Читаем Дни испытаний полностью

Ростовцев с трудом понимал, что с ним происходило. Какая–то тупость владела им. Порой ему хотелось сосредоточиться на чем–нибудь одном, но это никак не удавалось. И от этого приходило раздражение. Он придирчиво наблюдал за приходящими к его постели людьми, и ему казалось, что они двигаются чересчур медленно и говорят слишком громко. Ему казалось, что они спрашивают его об очень неинтересных, пустых вещах и задают иногда просто глупые вопросы. Он сдерживал себя и старался отвечать им спокойно, но раздражение от этого только усиливалось. Ему казалось, что обеды стали готовить плохо, и суп почему–то всегда был либо пересоленым, либо недосоленым. Он отказывался от него, но, если уж очень просили, ел и морщился оттого, что было невкусно.

Однажды Тамара принесла ему апельсин.

Ростовцев с удовольствием взглянул на свежую оранжевую корочку. Он поблагодарил ее и вдруг подумал, что она сделала это из жалости. И ему стало неприятно. В то время, как она поправляла подушку, он неожиданно спросил:

— Какое сегодня число?

— Пятое июня… — Тамара выпрямилась и взглянула на него.

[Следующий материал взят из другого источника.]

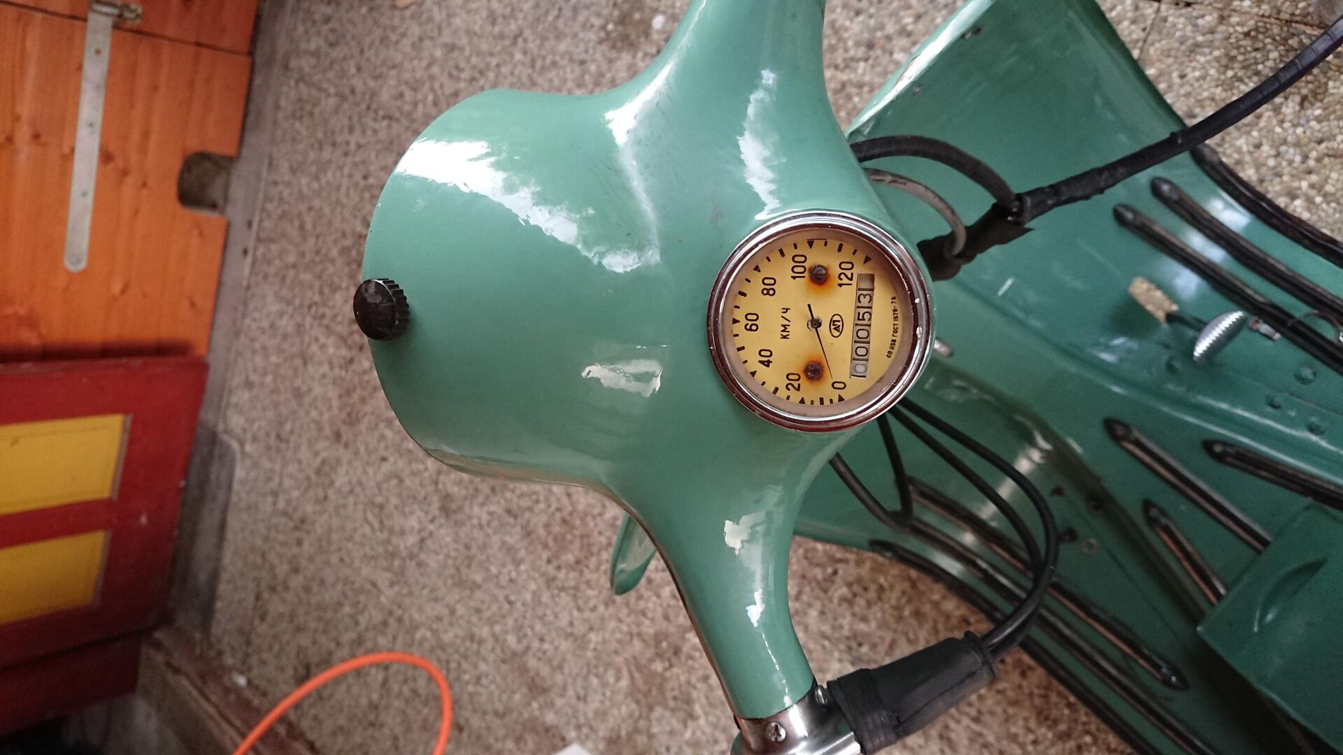 Zustand top, alle Schrauben gehen gut und leicht auf, das heißt für mich die Restaurierung ist nicht lange aus oder Stand nur, worauf der Tacho schließen würde. Motor lief auch sprang aber extrem schwer an, kaum Zündfunke. Bin auch gefahren damit schalten ging auch,

Ему показалось, что в ее больших добрых глазах залегла жалость, и он спросил со скрытым раздражением:

— Почему вы всегда на меня так смотрите?

— Как? — не поняла она.

— Смотрите так, словно считаете меня конченным человеком. Разве я очень жалок теперь?

— Вы ошибаетесь, — мягко возразила Тамара. — Я всегда смотрю так.

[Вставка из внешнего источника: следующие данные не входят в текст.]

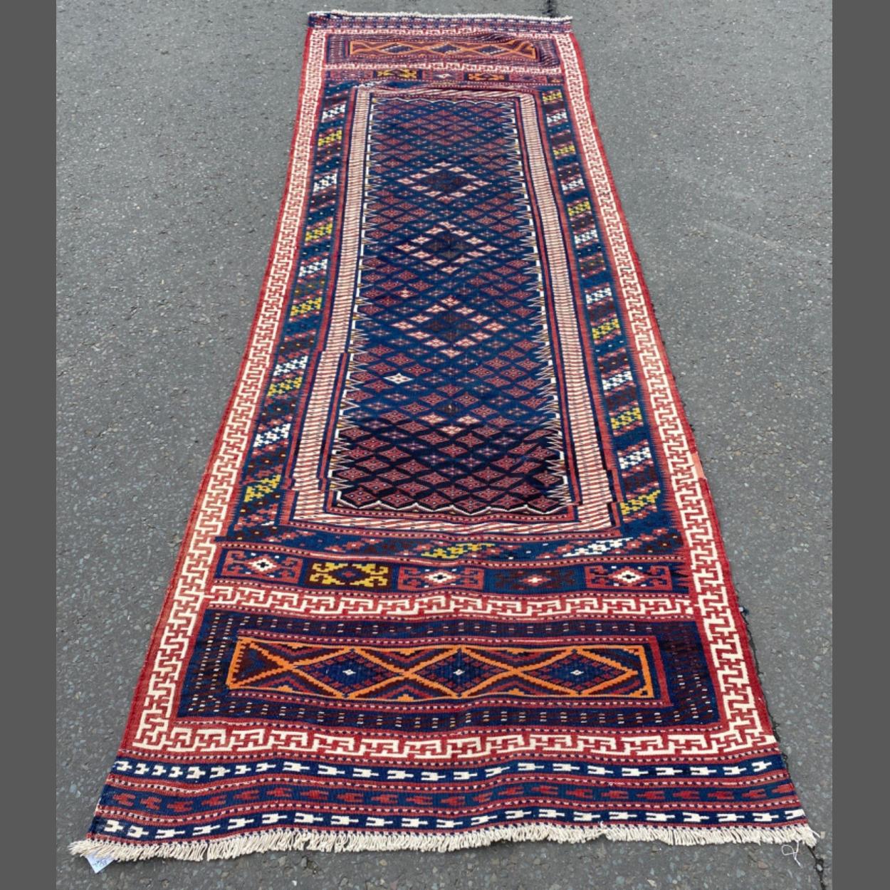 A stunning vintage Afshar Sofreh Kilim, a tribal piece from Southern Persia. A Sofreh rug would have been spread on the floor and used for serving food, rather than using a table. There are many exciting elements in this piece, like the vibrant colours, geometric designs and fine finishings.

— Нет, — с ударением произнес он, — нет, я знаю. Вы думаете, что мне теперь крышка, что я никуда не гожусь! И вам любопытно. Вы, наверно, думаете, что вот, мол, был человек, а теперь — грош ему цена, и никому до него дела нет. И поэтому дай хоть я его пожалею…

— Вы опять ошибаетесь, — возразила Тамара, — я не думаю так.

— Разве я не вижу? Вы всегда останавливаетесь возле меня и подолгу наблюдаете, как за покойником. И лимон этот… или, как его… апельсин принесли в утешение. И подушки поправляете…

— Я не знала, что вам не нравится. Я не буду больше.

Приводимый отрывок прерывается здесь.